SupChain-Bench: Benchmarking Large Language Models for Real-World Supply Chain Management
Shengyue Guan, Yihao Liu, Lang Cao

TL;DR
SupChain-Bench is a comprehensive benchmark designed to evaluate large language models' ability to perform reliable, long-horizon supply chain management tasks grounded in domain-specific procedures.
Contribution
The paper introduces SupChain-Bench, a new benchmark for assessing LLMs in supply chain workflows, and proposes SupChain-ReAct, a framework for autonomous tool-based orchestration.
Findings
Substantial gaps in execution reliability across models.
SupChain-ReAct achieves the strongest tool-calling performance.

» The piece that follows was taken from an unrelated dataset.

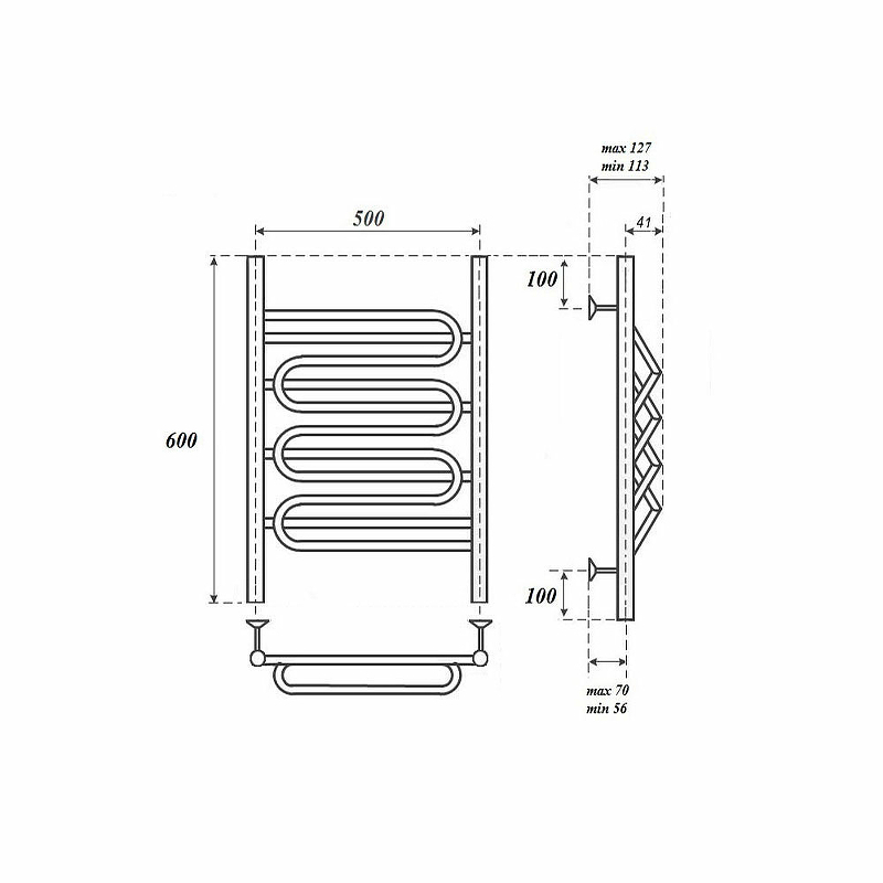 Полотенцесушитель электрический Point PN07156E П6 50x60 левый/правый, хром

Highlights significant room for improvement in LLM-based supply chain agents.
Abstract
Large language models (LLMs) have shown promise in complex reasoning and tool-based decision making, motivating their application to real-world supply chain management. However, supply chain workflows require reliable long-horizon, multi-step orchestration grounded in domain-specific procedures, which remains challenging for current models. To systematically evaluate LLM performance in this setting, we introduce SupChain-Bench, a unified real-world benchmark that assesses both supply chain domain knowledge and long-horizon tool-based orchestration grounded in standard operating procedures (SOPs). Our experiments reveal substantial gaps in execution reliability across models. We further propose SupChain-ReAct, an SOP-free framework that autonomously synthesizes executable procedures for tool use, achieving the strongest and most consistent tool-calling performance. Our work establishes a…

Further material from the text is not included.